Furthermore, recently, the same “system in which one's own body acts in a virtual world” similar to the above has been put into practical use by various companies. The following is an excerpt from the Nikkei Sangyo Shimbun article dated October 14, 1998 "New service with face photo also appeared on the internet." “Unknown people using the Internet chat by chatting with text messages at the same time. Internet affiliates have started a series of new services. Sony has recently displayed face photos of the participants on the computer screen. The new service “Chat Vision” started. Normal chat is a text-only exchange, but with the new service, an image with a face photo taken with a digital camera, etc. becomes your self and freely walks around the three-dimensional virtual space on the net, and faces the person you meet You can enjoy conversation while waiting. “SANNET”, an internet service provider operated by Sanyo Electric Software (Moriguchi City, Osaka Prefecture), has also started a service called “TULIE WORLD” that allows you to chat in a three-dimensional space with the appearance of five types of characters such as baby robots. "
[0005]
[Problems to be solved by the invention]
By the way, in the conversation system as described above, conversations are exchanged by sentences and voices (sending electronic mails by voice is also in practical use). In addition, a file including voice and images is attached to or synthesized with an e-mail, and a character indicating a speaker is also attached or synthesized. However, a character indicating a speaker attached to or synthesized with a conventional e-mail or the like is not such that the time zone in which the speaker is present and the surrounding situation are not understood. In addition, conventional characters have the same uniform content regardless of the location of the speaker and the time zone in which the speaker is speaking. It was not interesting. On the other hand, conventionally, a CCD camera or the like is attached on a personal computer display or the like, and a speaker captured by the camera and its surrounding real video are attached or synthesized to a conversation consisting of voice or text and transmitted. Videophone systems and videoconferencing systems have also been put into practical use (these are real-time voice conversations, but can also be applied to real-time or time-dependent text conversations). However, such a method of attaching or synthesizing a captured image from a camera to a conversation cannot be used for a conversation using an information device to which a camera is not attached, and privacy protection such as in the home is necessary. When sending a conversation from various places, there is a problem that it is not appropriate for privacy protection to send a live-action picture from a camera as it is.
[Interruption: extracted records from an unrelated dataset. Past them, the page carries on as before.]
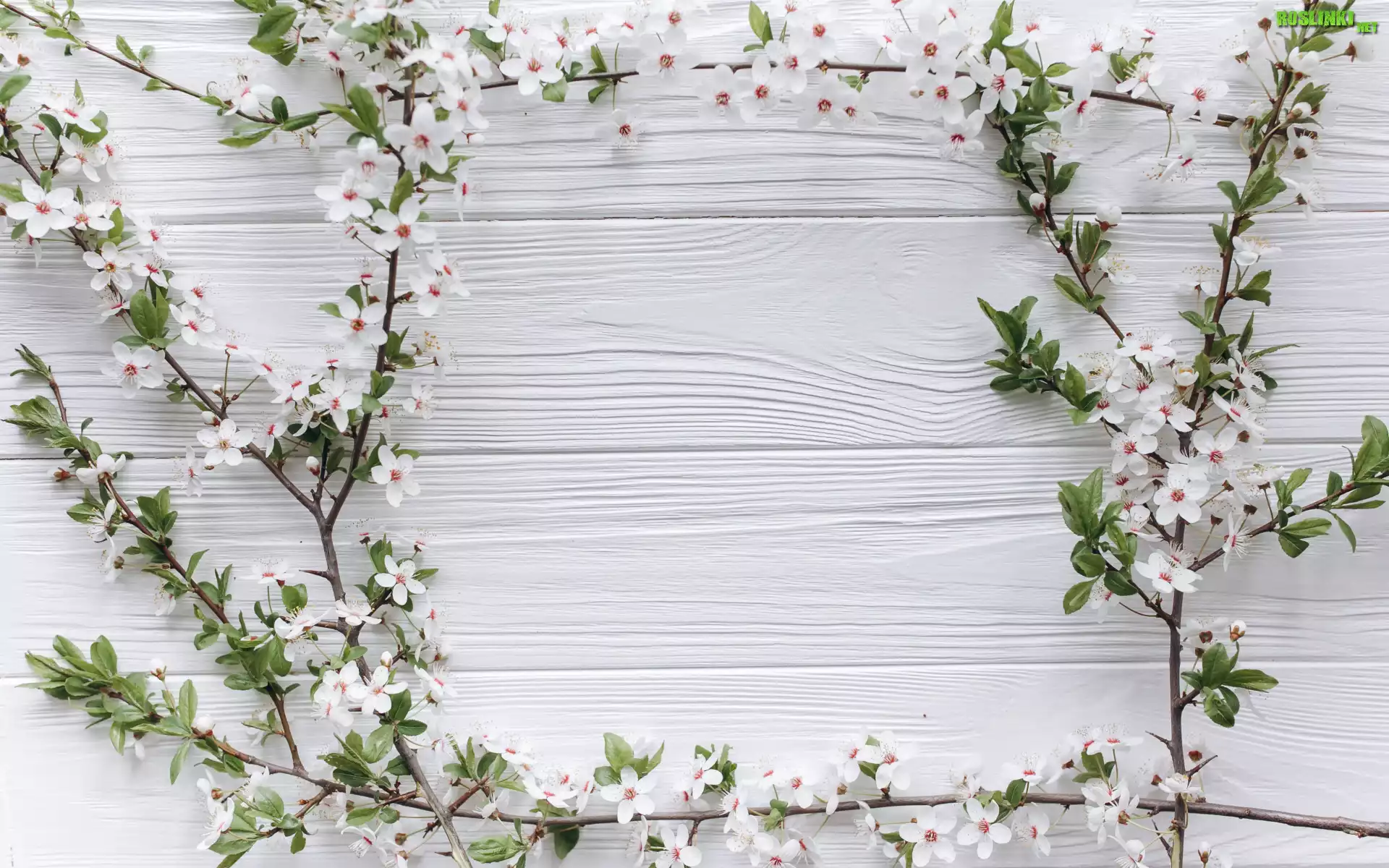 Rośliny: Drzewo owocowe, Gałęzie, Białe, Kwiaty, Deski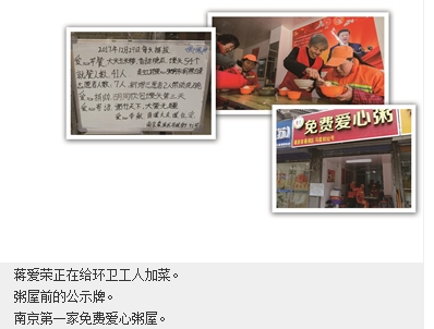 来南京开设第一家免费爱心粥屋,这让蒋爱荣感到压力。因为摆在她面前最大的问题就是房租太贵。在耗费了半个月的时间后,她才选定了一处位于马道街的门面房,然后开始采购粥屋必要的设备。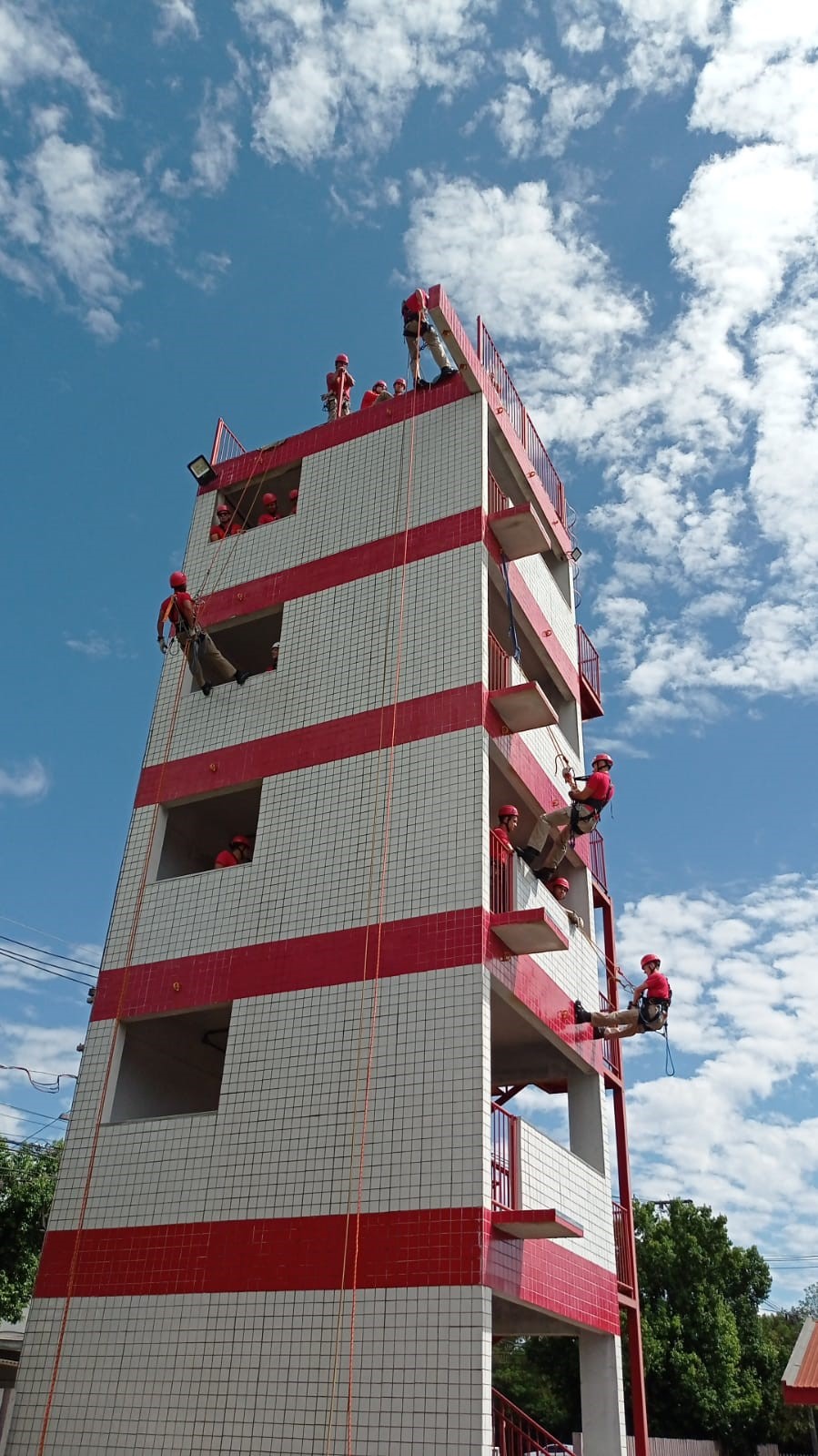 A torre de treinamento possui 16 metros de altura e conta com uma estrutura em alvenaria que é equivalente a um prédio de cinco andares, sendo utilizada para treinar salvamento e resgate em edifícios e no combate a incêndios em prédios. Os exercícios práticos estão sendo realizados sob a supervisão de instrutores extremamente capacitados, utilizando equipamentos específicos, a fim de garantir toda a segurança durante a execução das atividades.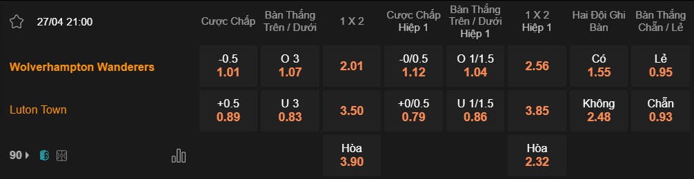 Soi kèo xiên hôm nay 27/4 Wolves vs Luton, EPL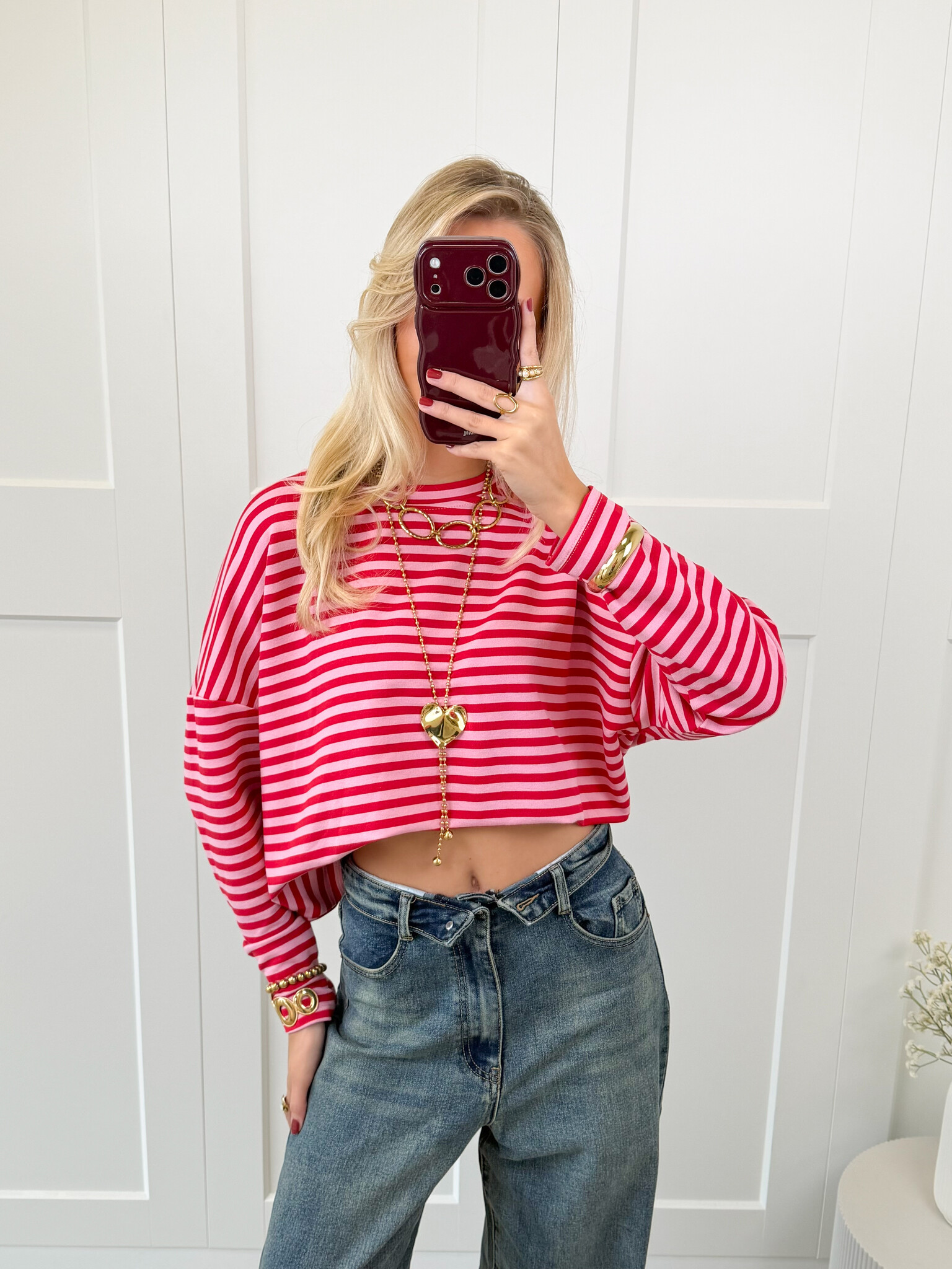 Deze gestreepte longsleeve is een echte musthave voor een girly en casual look. Gemaakt van zachte, comfortabele stof voelt hij heerlijk aan voor dagelijks gebruik. De subtiele strepen geven een frisse, tijdloze uitstraling en maken hem perfect te combineren met jeans of pantalons voor een effortless outfit. De lichte stretch zorgt voor een comfortabele pasvorm die meebeweegt gedurende de dag. Ideaal voor school, werk, een dagje uit of een koffiedate met vriendinnen. Met zijn veelzijdige stijl is hij eenvoudig te stylen met sneakers, jassen en sieraden voor een complete, trendy look. Een tijdloze toevoeging aan je girly wardrobe die comfort en stijl combineert.

In addition, as mentioned above, “NTT Software California Technical Center and Sony have recently put it into practical use. When a user performs a chat, he walks around in a virtual space using his face photo as his alternator. The service of “Meeting and talking with people in a virtual town” is a point where the “realism” of the conversation is to some extent in the point of having a conversation using “a character with a real face photo” in the virtual space. It can be said that it increases. However, with the above technology, just using “face photo” as “his hero”, the body, clothes, and background images other than “face photo” are always used (or background). There is no image, etc. In other words, specific details such as what kind of situation the user is currently in, what the user is currently doing, what kind of region / location the user is currently in Therefore, the “realism” of the conversation cannot be sufficiently enhanced.
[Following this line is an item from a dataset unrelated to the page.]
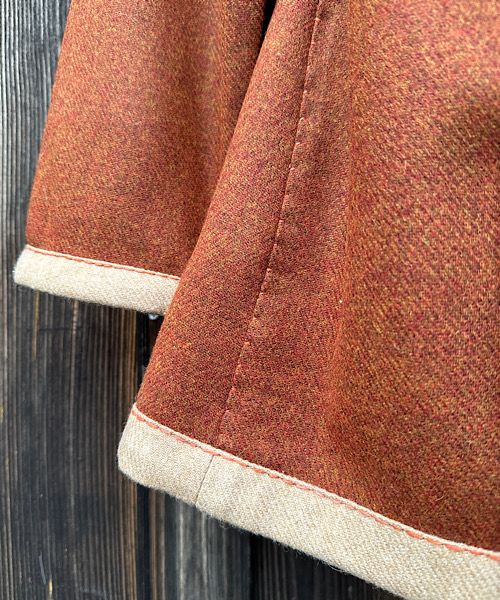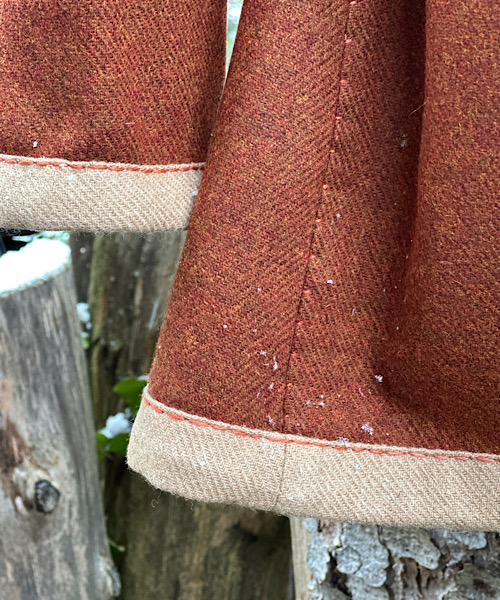 Wunderschöne Tunika aus reiner Schurwolle, mit kontrastfarbenen Besätzen und eingesetzte Geren an den Seiten und Ärmeln, die für Bewegungsfreiheit sorgen. Die Hand-/Ziernähte sind mit pflanzengefärbten Wollgarn gefertigt.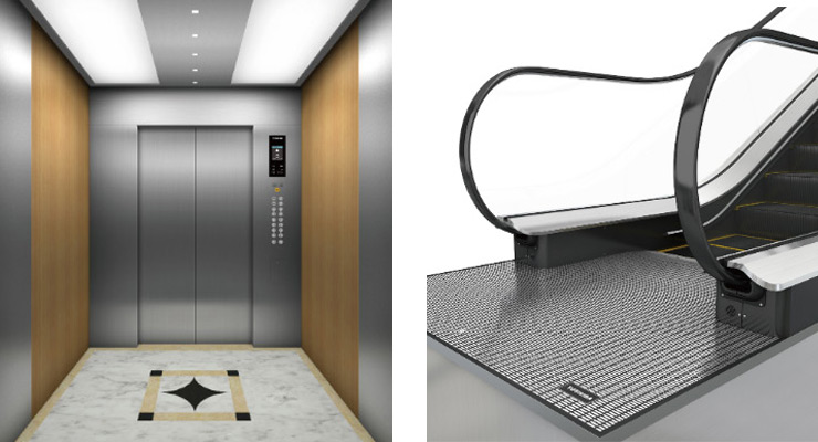 東芝本次提供的SPACEL系列無機房電梯,采用了東芝原廠設(shè)計制造的曳引機和控制柜,搭載東芝獨自研發(fā)的變頻控制處理器PP7,高效穩(wěn)定,綠色節(jié)能;在選材方面注重安全環(huán)保,主要基板無鉛化,選材高于歐盟RoHS標準,廢除15類特定化學(xué)物質(zhì)。KINDMOVER自動扶梯,設(shè)計時尚,融合東芝獨有安全防護技術(shù)柔性緩沖踏板,部件選用嚴格按照東芝集團標準,確保乘坐安全舒適。

Also, in the service started by the above Sanyo Software, characters such as “Baby Robot” are conversing as “myself”, but such “users are currently in the situation, Even if you use a fictional character that has nothing to do with `` the specific situation such as what the user is currently doing, what kind of region / place the user is currently in '' It is not expected to give a “realism” or “impression depth” to a person.
[0006]
The present invention has been made paying attention to such problems of the prior art, and while protecting the privacy of the speaker, it is possible to inform the conversation partner of the current situation of the speaker and An object of the present invention is to provide a device for conversation that can give a sense of reality and depth of impression.
[0007]
[Means for Solving the Problems]
1. A user can communicate with a real person or a virtual character on a computer via a network, in real time or with a predetermined time difference, such as mail, message, or speech, by text, data, or voice. “Speaker image symbolically showing the speaker who is the user” displayed in association with “the user's conversation composed of characters, data or voice from the user” in the device for conversation to exchange ”And a clothing / posture data generation unit for generating“ clothing or pose data ”that forms part of the speaker image. A device for conversation.
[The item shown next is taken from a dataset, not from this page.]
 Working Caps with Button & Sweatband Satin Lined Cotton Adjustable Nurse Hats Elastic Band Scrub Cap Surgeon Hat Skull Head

2. A user can communicate with a real person or a virtual character on a computer via a network, in real time or with a predetermined time difference, such as mail, message, or speech, by text, data, or voice. “Speaker image symbolically showing the speaker who is the user” displayed in association with “the user's conversation composed of characters, data or voice from the user” in the device for conversation to exchange A speaker image generating means for generating "background image data generating means for generating" background image data "constituting a part of the speaker image. Equipment.
3. In the above 1, the clothes / posture data generation means may be configured such that “the climate and weather of the place where the speaker is, the season in which the speaker is talking, the time period in which the speaker is talking, the place where the speaker is Based on the information from the environmental information providing means for providing "environmental information about the speaker including at least one of the current situation of the speaker and the current behavior of the speaker" A device for conversation characterized in that it produces "data".
4). In the above 2, the background data generating means is “the climate and weather of the place where the speaker is, the season when the speaker is talking, the time when the speaker is talking, the surroundings of the place where the speaker is The background image is generated based on the information from the environment information providing means for providing the “environment information on the speaker including at least one of the situation and the current action situation of the speaker”. A device for conversation characterized by being.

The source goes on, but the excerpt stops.